METHODS Patients Thirty-three girls with the diagnosis of idiopathic CPP were included in the study. The diagnosis was based on development of secondary sexual characteristics before 9 years of age, increased height velocity, advanced bone age, pubertal response to GnRH test, and serum estradiol greater than prepubertal levels. Median age at the beginning of treatment was 8.5 years (6.5 to 10.5). Three girls had had menarche at the time of diagnosis.

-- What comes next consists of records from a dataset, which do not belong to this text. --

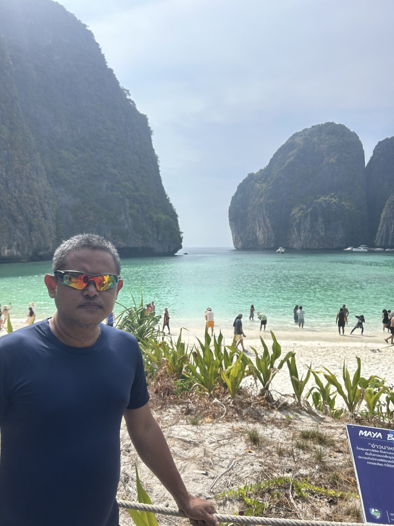 We were back to the yacht on time for our next activity. The boat berthed to one of the jetty in Phi Phi Island. The tour group did not tell us what was going on but to follow the queue line and to be back in a meeting point which they set. It was packed and they might be out of their mind. We had no choice but to follow this plan, climbed up the stairs, walked on the pathway, almost 15 min in dryland and finally saw in awe the very first time, a beach called Maya Beach. It was closed for cleaning up for months already and we were told not to swim in the water. This is not just any normal beach. This is the beach that is on the set location of the Hollywood well-known box office movie “The Beach”. Yes, the show was set here. Well, Maya beach is beautiful with turquoise calm water, in one of Phi Phi Bay, Maya bay, other than these, there is nothing special. We took pictures and videos on this beach and headed back to the meeting point to end our island hopping activities.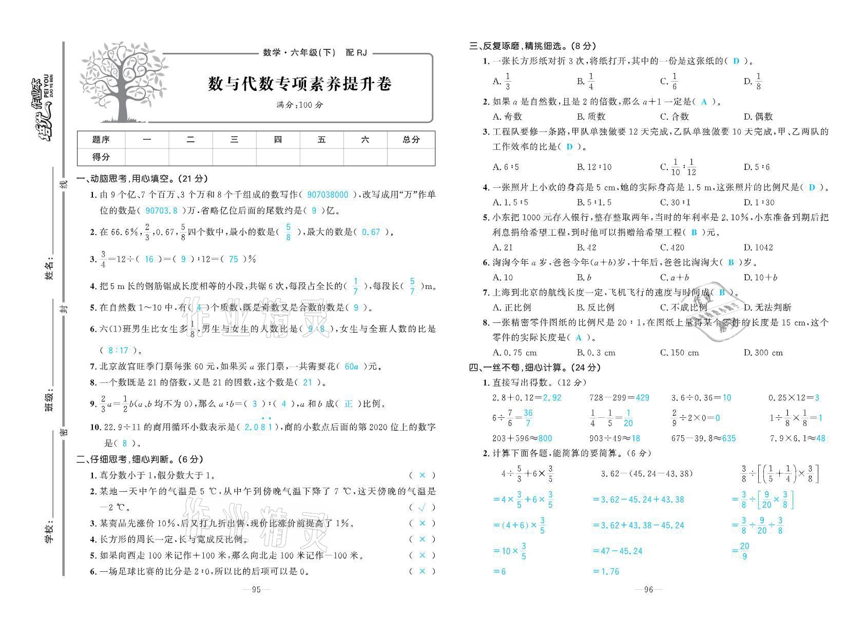 注:目前有些书本章节名称可能整理的还不是很完善,但都是按照顺序排列的,请同学们按照顺序仔细查找。练习册 2021年小学生1课3练培优作业本六年级数学下册人教版 答案主要是用来给同学们做完题方便对答案用的,请勿直接抄袭。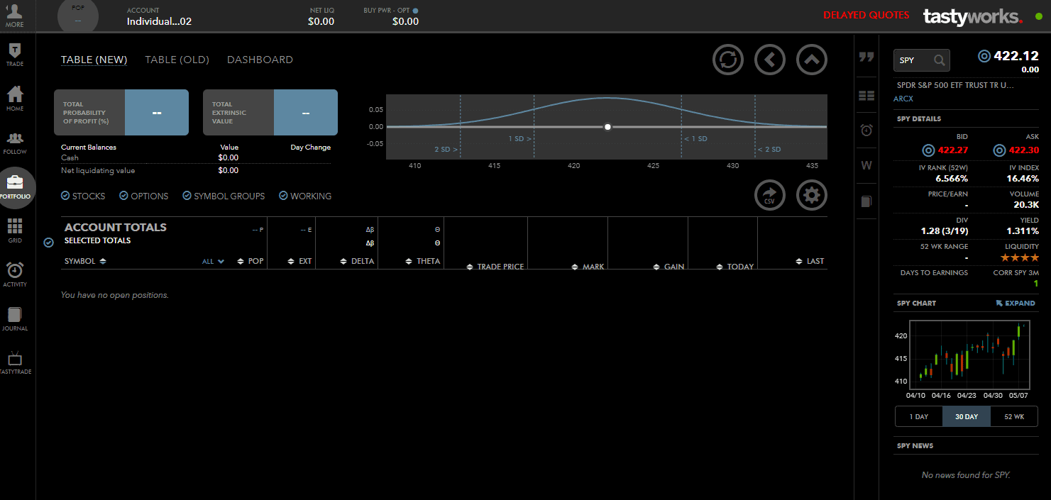 Hier ein paar Screenshots aus dem der Webversion der Trading Plattform von Tastytrade.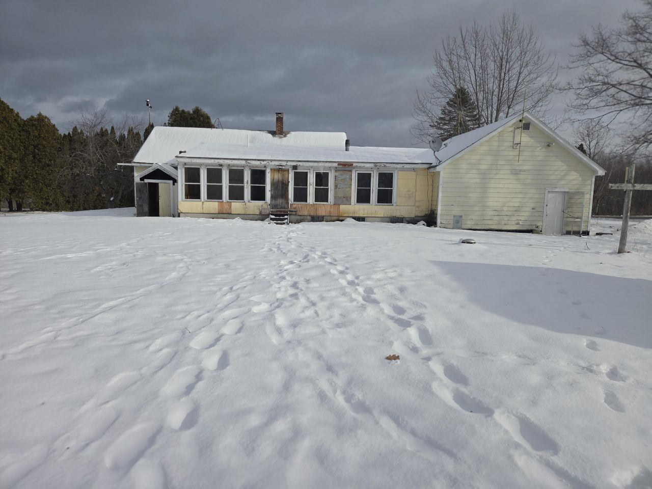Handymen and House Flippers take notice!!! This little diamond in the rough is back on the market, through no fault of its own. This home has solid bones but needs some TLC. It is completely functional the way it sits. There is a huge, insulated bonus room off the kitchen which could be added as living space. This bonus room is also on a foundation. There is so much potential to this house. It was originally a 3 bedroom but a wall was removed to make it a 2 bedroom. Add the wall back in and you are back to a 3 bedroom. Extra large attached garage with 2 outbuildings. The large back yard could easily be fenced in for your pets. Less than 30 mins to either Bangor or Dover-Foxcroft this home is on the main road that is very well maintained in the winter.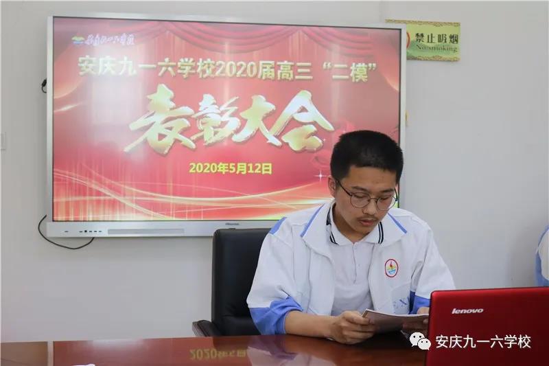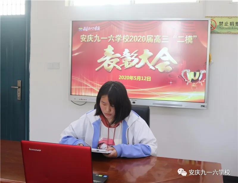 为表扬先进,鼓舞士气,进一步坚定高三学子冲刺大学梦想的信念,5月12日下午,我校召开2020届高三年级“安庆二模”表彰大会,对二模取得优异成绩和显著进步的高三学子进行表彰。本次大会通过钉钉系统在高三各班级全程直播。

Treatment All girls received a long-acting GnRH analogue (Decapeptyl Depot), 75 µg/kg, (maximum doses 3.75 mg) administrated as intramuscular injections every fourth week. Long-acting GnRH analogue is a decapeptide that stimulates synthesis and secretion of gonadotropins from the pituitary gland. During the first 1 to 2 weeks of treatment, more gonadotropins are released, after which a suppression of follicle-stimulating hormone and LH secretion is seen because of reduced sensitivity in the pituitary gland receptors. The efficacy of the treatment was ensured by repeated GnRH stimulation tests 3 and 12 months after diagnosis and at 12-month intervals during the course of therapy. The rationale for the decision to start treatment with GnRH and to determine the duration of therapy included (1) the psychologic problems of early development of secondary sexual characteristics and menstruation, and (2) the possibility of improving final height by a reduction in height velocity and advancement in bone age. Therapy was 06
continued until the age for onset of natural puberty. After discontinuation of therapy, another GnRH stimulation test was performed. The median treatment time was 2.4 years (range 1.5 to 4.7 years). GnRH stimulation tests were performed using a standard dose of 100 µg luteinizing hormone–releasing hormone administrated intravenously. Blood samples were obtained immediately before the injection and at 15, 30, 45, 60, and 90 minutes after injection. Peak values of LH >10.4 mlU/ml were considered as pubertal response, whereas peak values < 5.0 mlU/ml during treatment with a GnRH analogue were considered as sufficient suppression.17 LH was assayed before July 1993 with an enzyme-linked immunoassay and after July 1993 with a time-resolved fluoroimmunoassay (Delfia, Wallac Denmark Als).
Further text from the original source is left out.